With respect to that new buzzword “transparency," Weaver said “brands have been feeling like they’ve been screwed by the agency.
First, by not having financial transparency.” Brand marketers want to know how much the media costs: net vs. gross, where each dollar goes and how the dollars break down between different
vendors, depending on how the media is being bought.
There’s also a feeling that objectivity has ceased to exist at the holding-company and media-agency level. Backdoor deals and holding
company investments in ad tech have decreased transparency. “What’s happened is now the media investment groups are created to navigate and push more dollars into their own preferred
partnerships that are beneficial to the holding company and media agency,” Weaver said.
He called out GroupM parent WPP, in particular, for steering marketers toward ad-tech platforms it
has investments in. By using them, marketers are bolstering WPP's revenues. WPP has a $25 million stake in AppNexus, among other ad-tech providers. GroupM’s Xaxis For Publishers technology was
part of the deal.
Business Insider reported that WPP agencies spent some $4 billion on Google properties in 2015, along with $1 billion on Facebook and $100 million on AOL. Of course Google,
Facebook and AOL each have their own proprietary ad-tech stacks and preferred relationships.
Keeping track of which players have a stake in specific ad-tech vendors, which agencies are units
of which vendor, publisher or holding company, and how they're steering clients has become a parlor game.

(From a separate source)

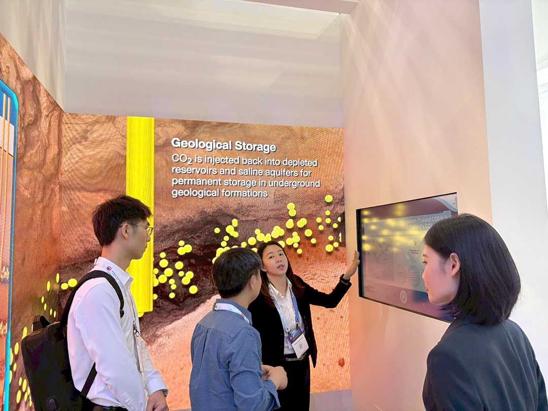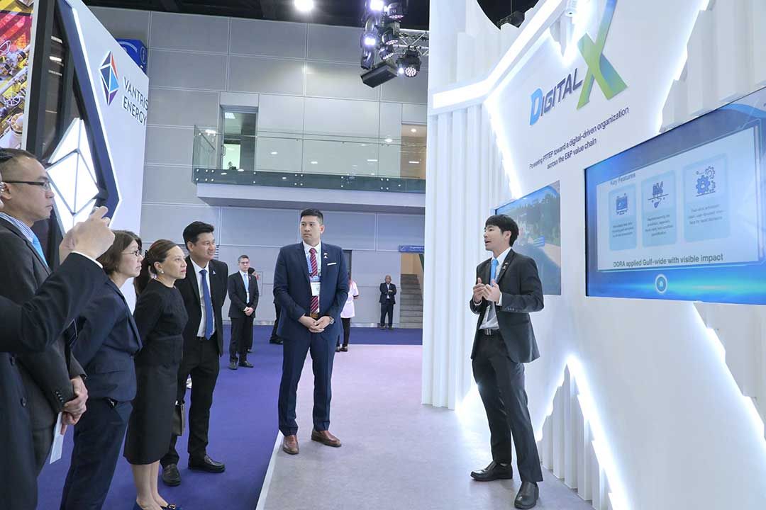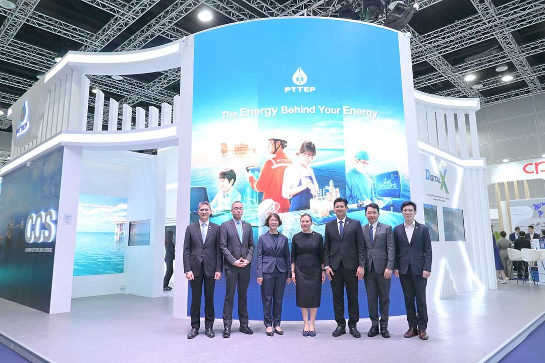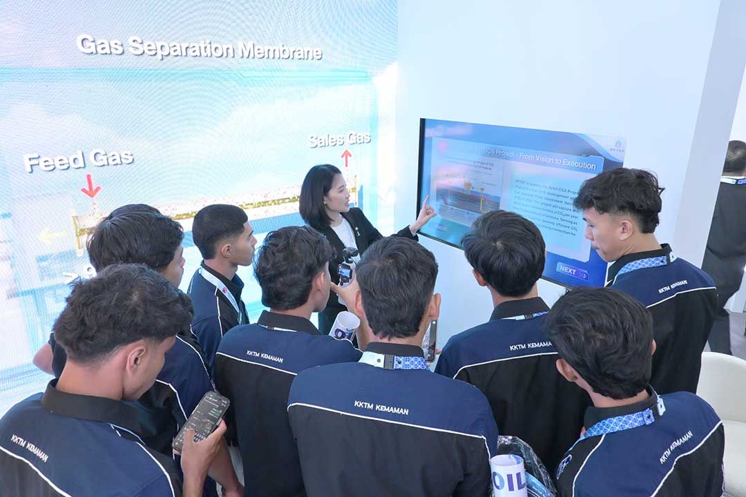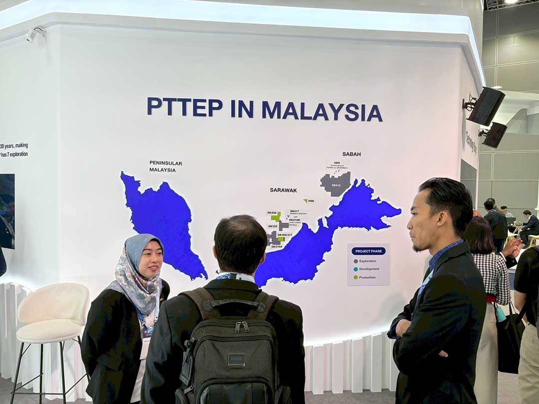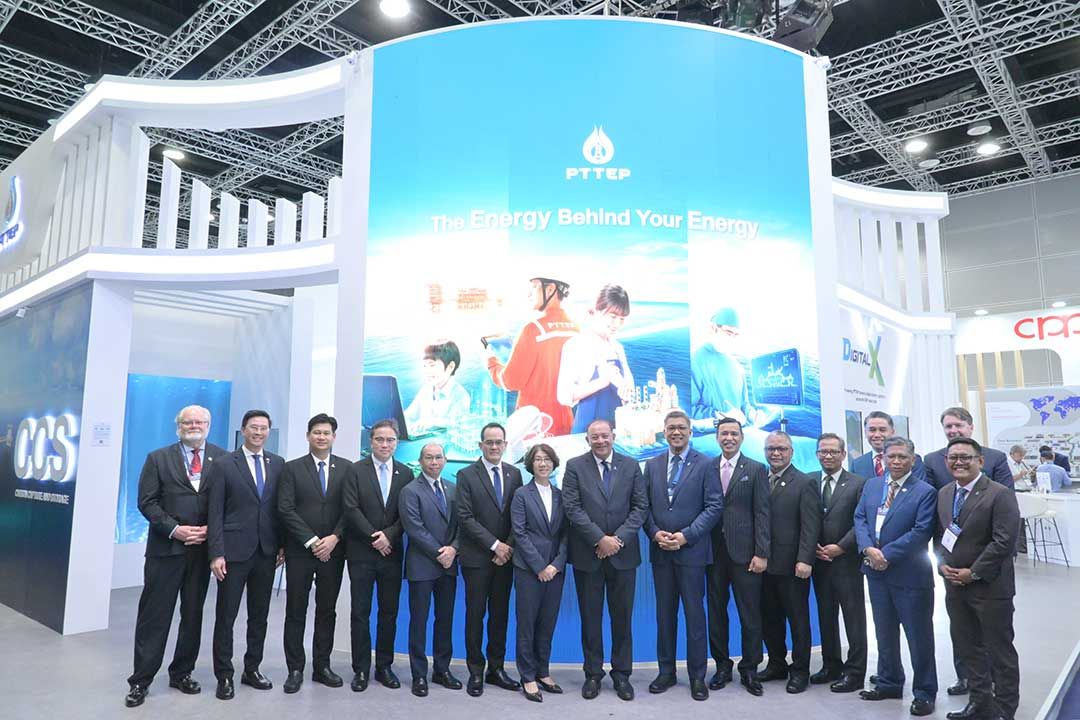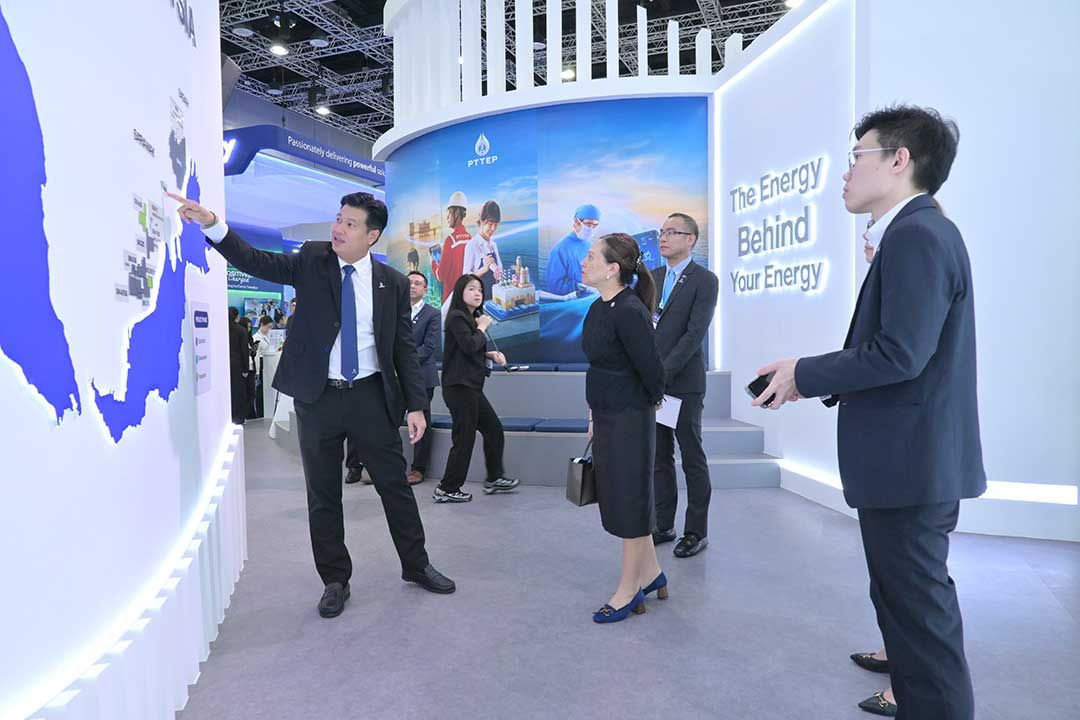ในโอกาสนี้ นางสาวลดา ภู่มาศ เอกอัครราชทูต ณ กรุงกัวลาลัมเปอร์ ประเทศมาเลเซีย ได้ให้เกียรติเยี่ยมชมบูธนิทรรศการของ ปตท.สผ. ที่จัดแสดงเกี่ยวกับการดำเนินงานและยุทธศาสตร์การเติบโตของบริษัทซึ่งมีโครงการสำรวจและผลิตปิโตรเลียมกว่า 50 แห่ง ในกว่า 10 ประเทศ โดยเฉพาะในประเทศมาเลเซียซึ่งเป็นหนึ่งในฐานการลงทุนที่สำคัญของบริษัท รวมทั้งนำเสนอโครงการดักจับและกักเก็บก๊าซคาร์บอนไดออกไซด์ (Carbon Capture and Storage หรือ CCS) ที่แหล่งอาทิตย์ในอ่าวไทย ซึ่งจะช่วยลดการปล่อยก๊าซเรือนกระจกจากกระบวนการผลิตปิโตรเลียมและสนับสนุนเป้าหมายการปล่อยก๊าซเรือนกระจกสุทธิเป็นศูนย์อย่างเป็นรูปธรรม นอกจากนี้ ยังจัดแสดงนวัตกรรมดิจิทัลภายใต้โครงการ DigitalX ซึ่งช่วยสนับสนุนกระบวนการสำรวจและผลิตปิโตรเลียม เช่น DORA (Drilling Operation Real-Time Analyses) ระบบการวิเคราะห์การเจาะหลุมปิโตรเลียมแบบเรียลไทม์ และ IOCC (Integrated Operations Control Center) ศูนย์ควบคุมการปฏิบัติงานที่เชื่อมโยงข้อมูลการผลิตจากแหล่งก๊าซธรรมชาติในอ่าวไทย โดยเทคโนโลยีดังกล่าวจะช่วยยกระดับและเพิ่มประสิทธิภาพ ลดระยะเวลาและค่าใช้จ่าย รวมทั้งเพิ่มความปลอดภัยในการดำเนินงานอีกด้วย

Transparency can mean different things at different marketers. For example, for
L’Oreal, which has worked with Promatica, it means being mindful about where it's going to put its money, the partners it will use and identifying where those partners’ true business
interests lie.
“There are a lot of brands that don’t trust the agencies. We believe there’s a better model out there,” Weaver said.
But Weaver goes much
further: “Media [agency] investment is dead. It doesn’t do anything for brands in the digital space. It doesn’t do anything for brands in the programmatic space. Once brands figure
out they don’t need the dollar leverage to get the rates they want or need, they figure out they don’t need the big agencies.” Now that should have agency executives' skin
crawling.
True? False? Or is the reality way more nuanced? Either way, it sounds like he’s on to something.